[[ STUDY MATERIAL, beginning ]]
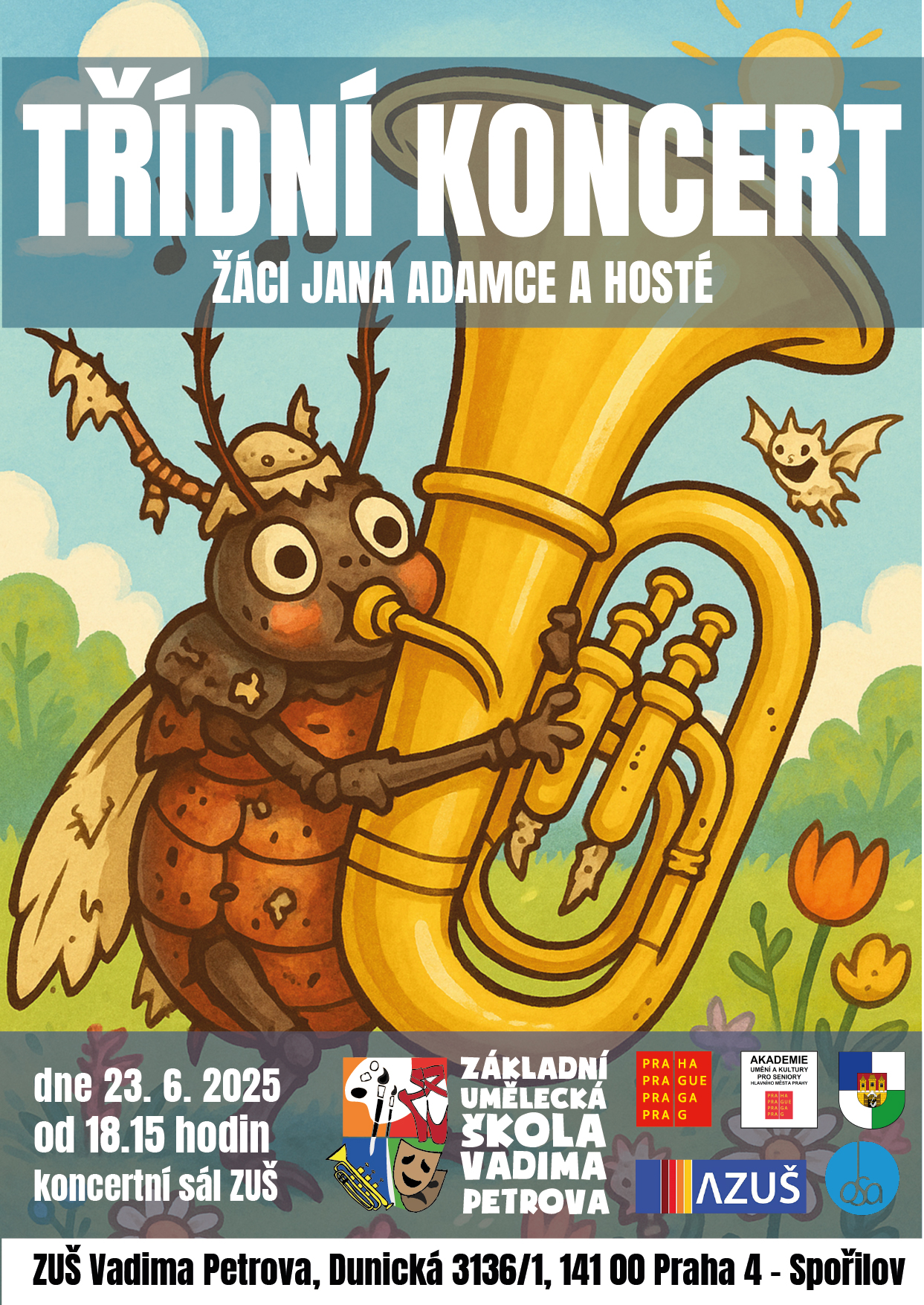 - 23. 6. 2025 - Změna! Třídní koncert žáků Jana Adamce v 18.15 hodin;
[[ STUDY MATERIAL, end ]]
[[ STUDY MATERIAL, beginning ]]
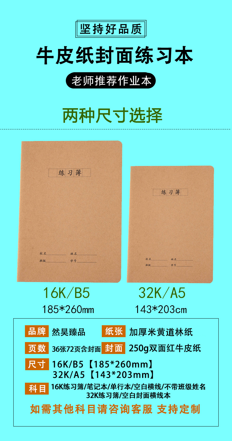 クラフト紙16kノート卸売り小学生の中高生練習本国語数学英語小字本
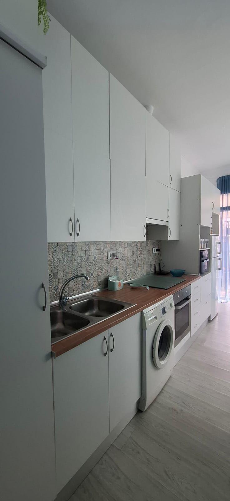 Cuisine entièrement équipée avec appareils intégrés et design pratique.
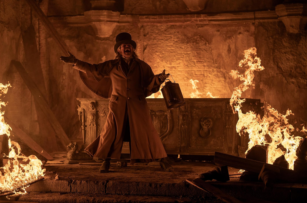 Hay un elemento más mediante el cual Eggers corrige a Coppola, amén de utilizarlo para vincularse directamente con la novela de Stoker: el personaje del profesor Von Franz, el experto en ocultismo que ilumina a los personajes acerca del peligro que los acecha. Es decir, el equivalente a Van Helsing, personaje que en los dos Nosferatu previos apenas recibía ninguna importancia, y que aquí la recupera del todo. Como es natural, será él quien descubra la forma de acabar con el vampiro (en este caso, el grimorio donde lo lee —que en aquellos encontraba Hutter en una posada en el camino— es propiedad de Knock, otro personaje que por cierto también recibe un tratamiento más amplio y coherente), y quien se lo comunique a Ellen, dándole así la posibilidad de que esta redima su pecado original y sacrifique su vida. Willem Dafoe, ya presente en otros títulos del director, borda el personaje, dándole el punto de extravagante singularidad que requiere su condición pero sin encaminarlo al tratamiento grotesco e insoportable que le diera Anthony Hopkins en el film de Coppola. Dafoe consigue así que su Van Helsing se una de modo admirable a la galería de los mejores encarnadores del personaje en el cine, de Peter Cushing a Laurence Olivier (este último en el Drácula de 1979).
[[ STUDY MATERIAL, end ]]
**TASK STATEMENT:** Using the data above, copy exactly the lines from the one containing "クラフト紙16kノート卸売り小学生の中高生練習本国語数学英語小字本" to the one containing "Cuisine entièrement équipée", inclusive. Exclude the pictures.

**SOLUTION TO THIS TASK:**
 クラフト紙16kノート卸売り小学生の中高生練習本国語数学英語小字本
 Cuisine entièrement équipée avec appareils intégrés et design pratique.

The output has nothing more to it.